Odin Auto-Scaling Group Deployer
Deploy your 12-factor-applications to AWS easily and securely with the Odin. Odin is a AWS Step Function base on the step
framework that deploys services as Auto-Scaling Groups (ASG's) to AWS.
Odin's goals/requirements/features are:
- Ephemeral Blue/Green: create new instances, wait for them to become healthy, delete old instances; treating compute instances as disposable and ephemeral.
- Declarative: describe what a successful release looks like, not how to deploy it.
- Scalable: can scale both vertically (larger instances) and horizontally (more instances).
- Secure: resources are verified to ensure that they cannot be used accidentally or maliciously.

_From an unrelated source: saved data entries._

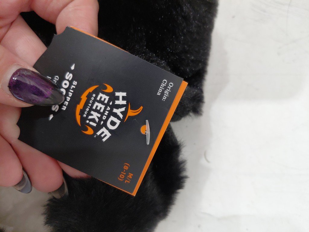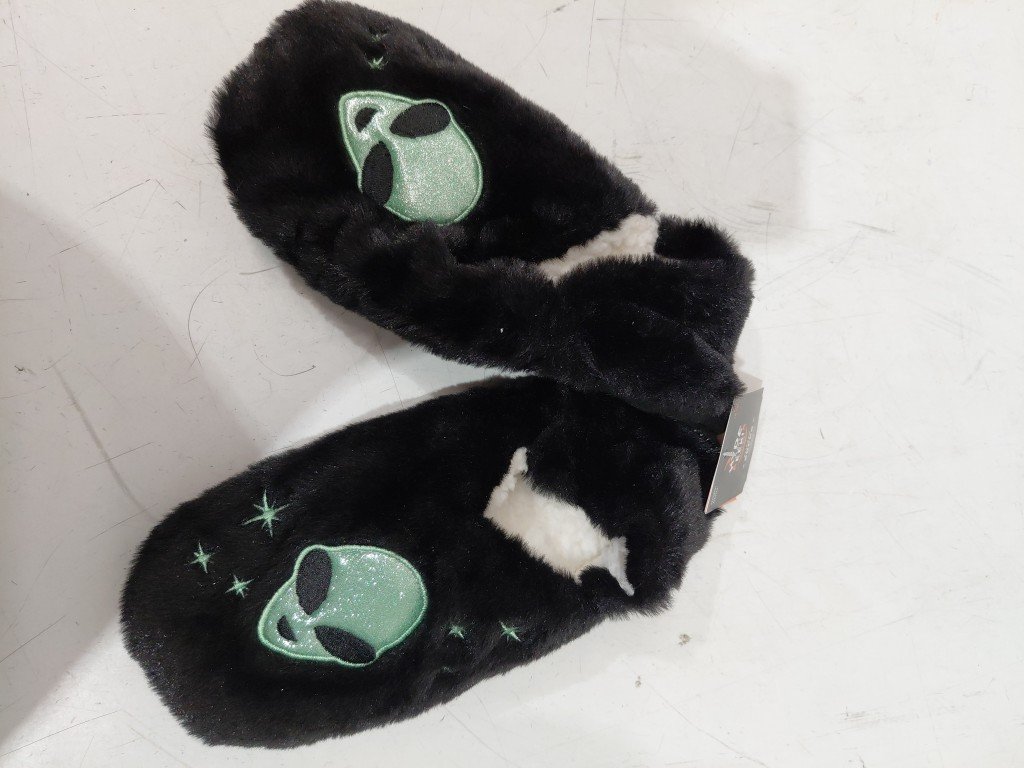 women's hyde & eek slip on sock slippers with grippers - 8-10 - black/alien
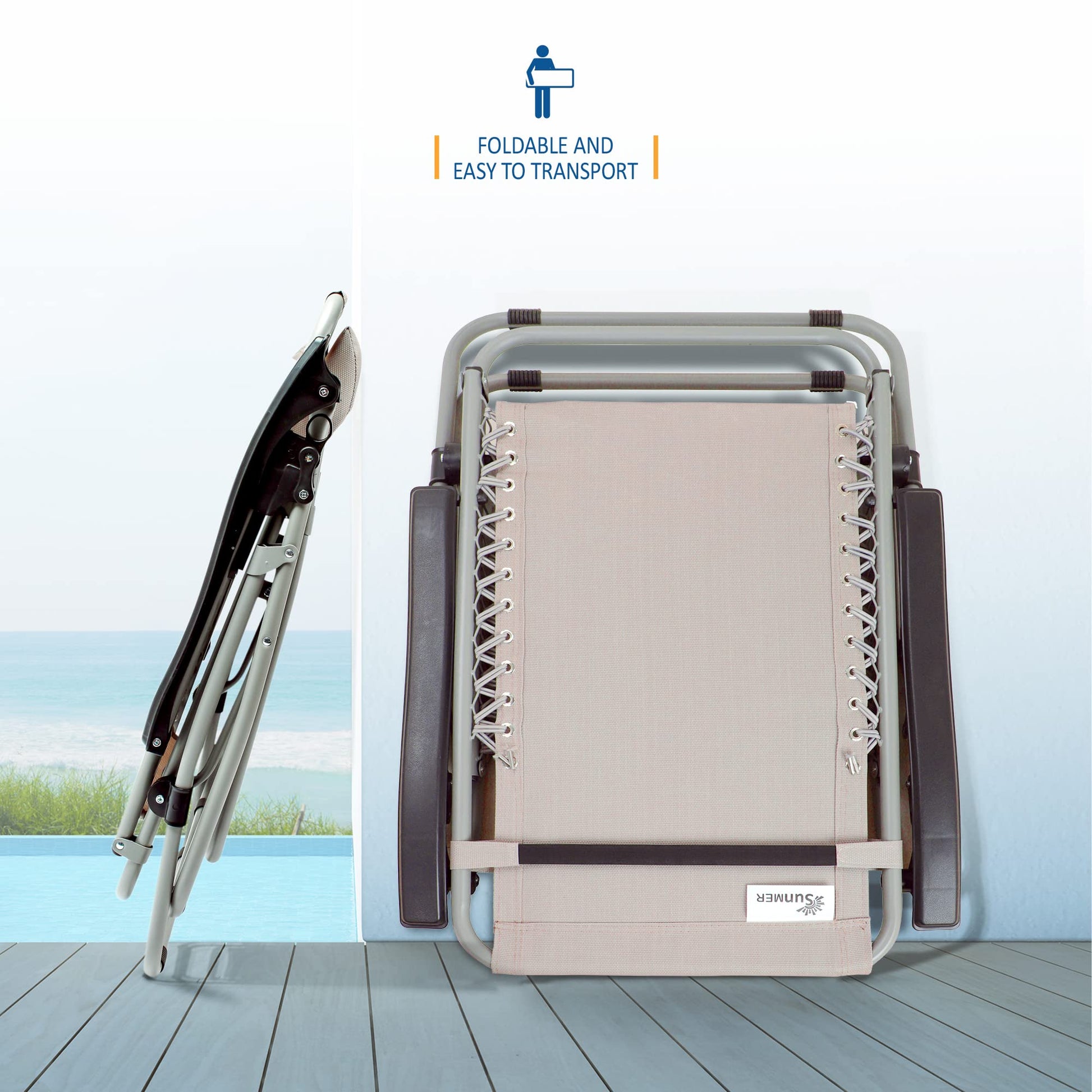 - SET OF TWO SUN LOUNGER GARDEN CHAIRS: These SUNMER Sun Lounger Garden Chairs are the ideal way to soak up the summer sun when the weather gets warmer. Featuring cup holders and cushions, you are sure to notice the luxury touches added to this set of two chairs.
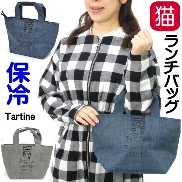 ランチバッグ 保冷 保温 ネコ柄 タルティーヌ プリント 総柄 軽量 クーラーバッグ トートバッグ ランチトート ねこ ネコ CAT
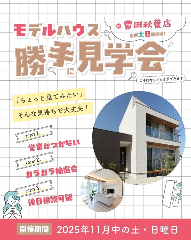 | タイトル | 【11月は毎週末開催】モデルハウス勝手に見学会@クレバリーホーム豊田秋葉展示場 |
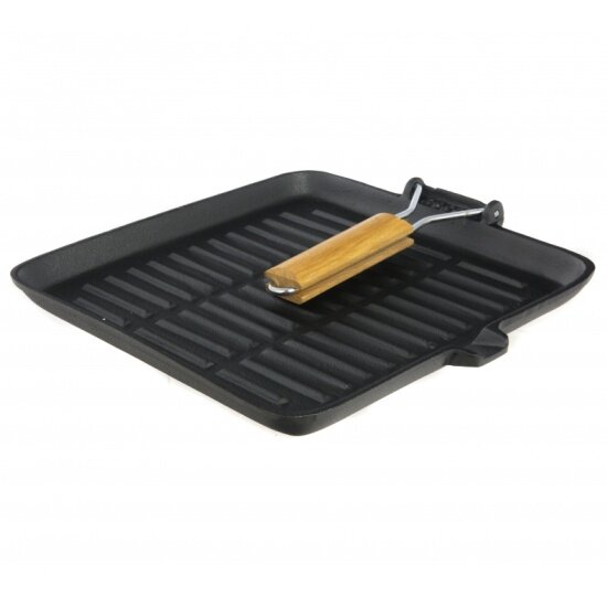 Сковорода-гриль чугунная с дерев складной ручкой, квадратной формы, PADELLA, 28*28 см

- Gracefully Fail: handle failures to recover and roll back with no/minimal impact to users.
- Configuration Parity: minimize divergence between production, staging and development environments by keeping releases as similar as possible.
- No Configuration: once Odin is deployed it requires no further configuration.
- Multi Account: one deployer for all AWS accounts.
Getting Started
Odin is implemented as an AWS Lambda Function and AWS Step Function that deploys by assuming a role into an AWS account. You can bootstrap these into AWS with:
git pull # pull down new code
./scripts/bootstrap
Testing with deploy-test
Odin includes a test project deploy-test
that has one service web
that starts an nginx server to be mounted behind a Elastic Load Balancer (ELB) and Application Load Balancer target group. The service instances have a security group and instance profile.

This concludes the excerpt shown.